# Ghost shrimp with a tiny bit of red?



## corvus (Apr 9, 2003)

Reading this forum got me all psyched up to try shrimp. But when it comes right down to it, I'm not really ready, tank-wise, to try any Cherries or anything else yet. (Not to mention I wouldn't order anything live through the mail during this heat wave.)
So just for fun, I bought 20 ghost shrimp to put in my 20 high that I use to keep extra plants, and to nurse other plants back to health. For $2, what the hey, I have _some_ shrimp! 
After putting them in the tank early last evening, I just left them alone for a couple hours to get settled in.
When I came back later and started looking really closely, I was really surprised to find that at least 2 of these shrimp have 1/2 red antennae, some red on their main claws, and 2 spots of red on their tail! Their bodies/shell are not completely clear either, but have some black or dark brown markings (pretty random) on them.

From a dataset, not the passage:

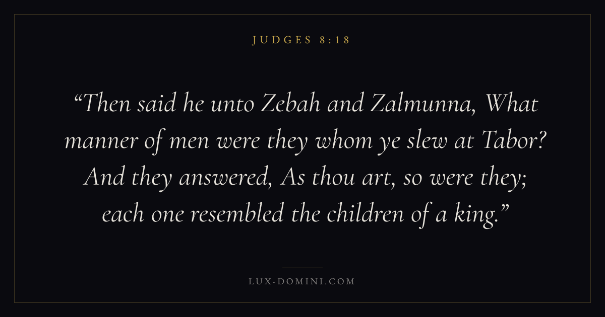 Then said he unto Zebah and Zalmunna, What manner of men were they whom ye slew at Tabor? And they answered, As thou art, so were they; each one resembled the children of a king.

2 or 3 shrimp died overnight, but I just looked now, and those 2 shrimp are still there and look healthy. There are tons of plants in the tank, there could be more like that, but the majority of the shrimp have no color at all.

What gives here?

I'm a total shrimp noob, so any info you could pass along would be greatly appreciated.

Paul

PS, I tried to get pics, didn't get anything worth beans yet. I'll try again this evening.


----------



## trenac (Jul 16, 2004)

I have found that Ghost shrimp come in different shades of white and have various colors on their body parts (tails, antennae, etc).


----------



## awohld (Dec 11, 2005)

My ghost shrimp are exactly as you describe, with red bands on their claws, red antenna, and spots on their tails.


----------



## Musket (Jun 7, 2006)

I too have had ghost shrimp with various black/brown stripes, dots and also some with the red as you describe. Just enjoy them, and learn. They are great fun to watch.


----------



## Purrbox (Jun 1, 2006)

When I've kept ghost shrimp in the past, they also displayed the coloration highlights that you described. The coloration intensified and showed up on more of the shrimp the longer I had them. I think it may be an indication of how healthy and happy they are, much like a fish coloring up as it settles into a new tank.


----------